*** Data to process Section Begins ***

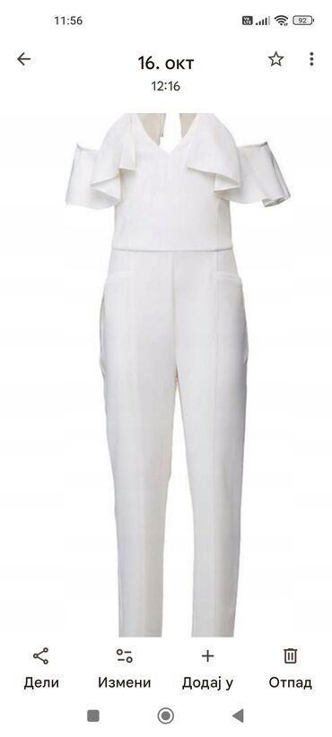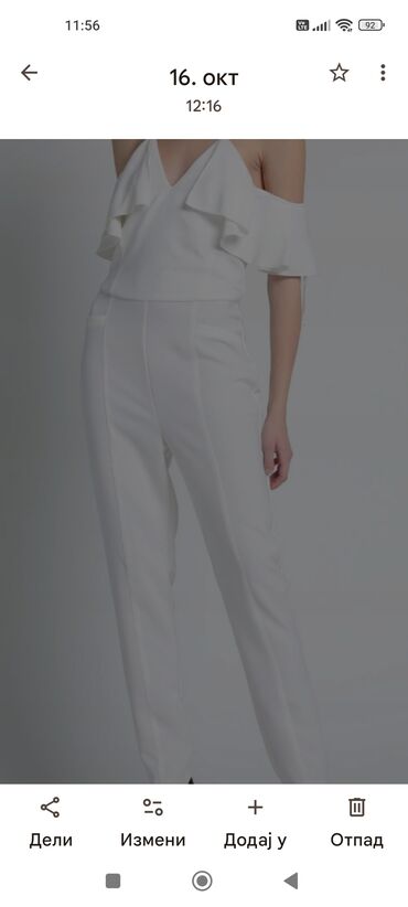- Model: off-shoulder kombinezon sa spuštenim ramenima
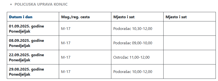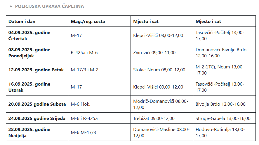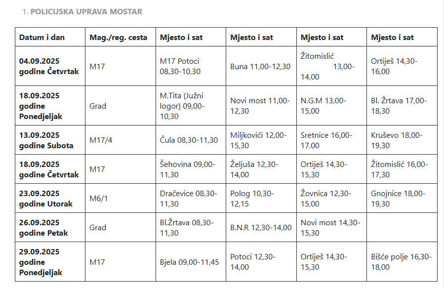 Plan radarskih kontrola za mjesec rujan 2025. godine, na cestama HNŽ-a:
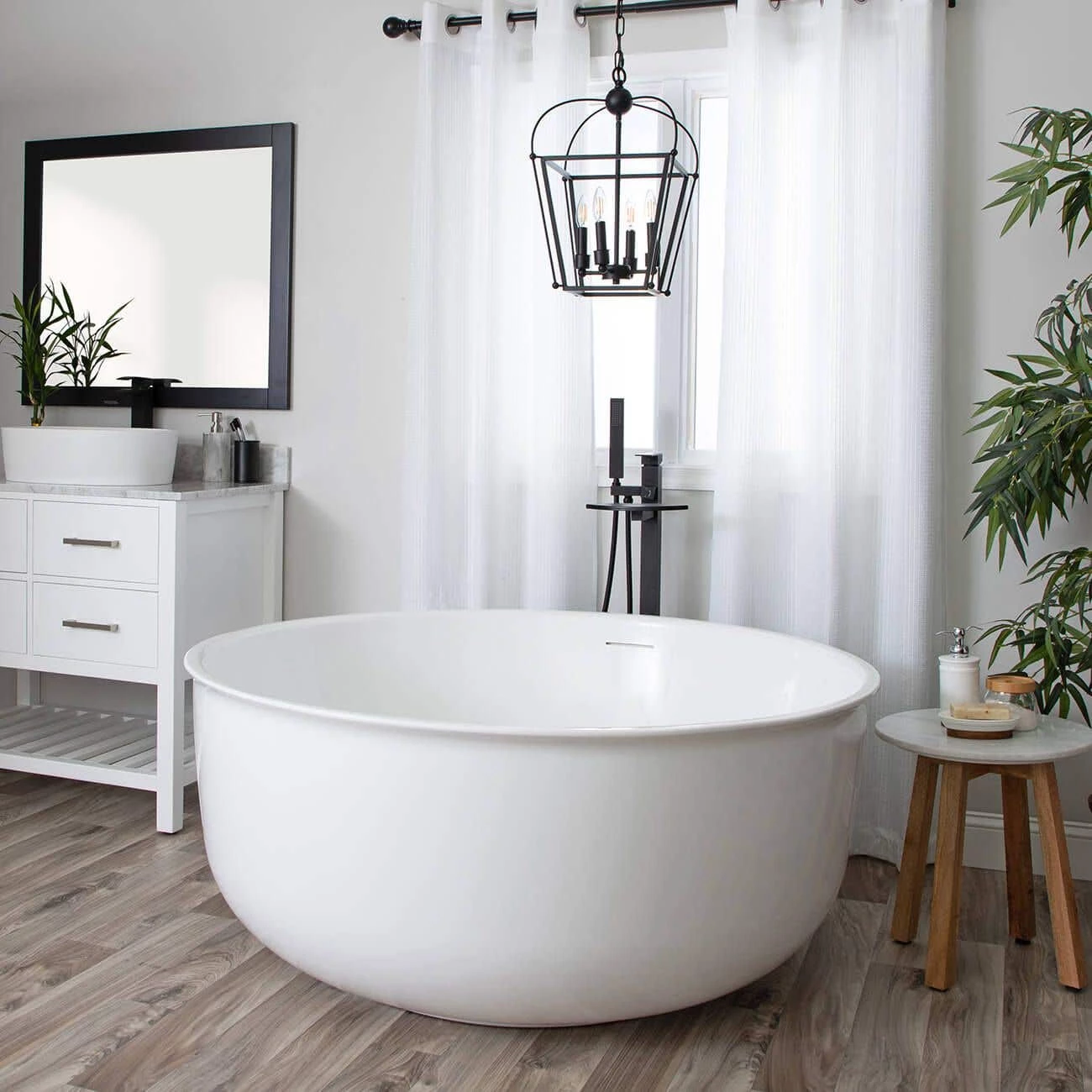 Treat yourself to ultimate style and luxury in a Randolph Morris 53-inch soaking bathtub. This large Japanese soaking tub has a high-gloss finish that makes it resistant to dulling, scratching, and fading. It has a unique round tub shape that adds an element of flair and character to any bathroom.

*** Data to process Section Ends ***
*** Data to process Section Begins ***

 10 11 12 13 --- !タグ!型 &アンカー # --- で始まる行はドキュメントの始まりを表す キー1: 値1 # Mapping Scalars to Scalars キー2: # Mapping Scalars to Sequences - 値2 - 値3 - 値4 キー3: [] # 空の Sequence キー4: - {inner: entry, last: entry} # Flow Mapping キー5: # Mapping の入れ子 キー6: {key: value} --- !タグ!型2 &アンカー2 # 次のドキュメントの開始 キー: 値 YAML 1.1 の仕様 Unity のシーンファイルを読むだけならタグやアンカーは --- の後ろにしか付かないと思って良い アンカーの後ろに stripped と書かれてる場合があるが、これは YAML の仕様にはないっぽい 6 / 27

*** Data to process Section Ends ***

> Work to complete:
In the records above, everything from the line with "- Model: off-shoulder" down to the line with "Treat yourself to" is to be set down exactly, both ends included, with no pictures and no other lines.

> Output:
- Model: off-shoulder kombinezon sa spuštenim ramenima
 Plan radarskih kontrola za mjesec rujan 2025. godine, na cestama HNŽ-a:
 Treat yourself to ultimate style and luxury in a Randolph Morris 53-inch soaking bathtub. This large Japanese soaking tub has a high-gloss finish that makes it resistant to dulling, scratching, and fading. It has a unique round tub shape that adds an element of flair and character to any bathroom.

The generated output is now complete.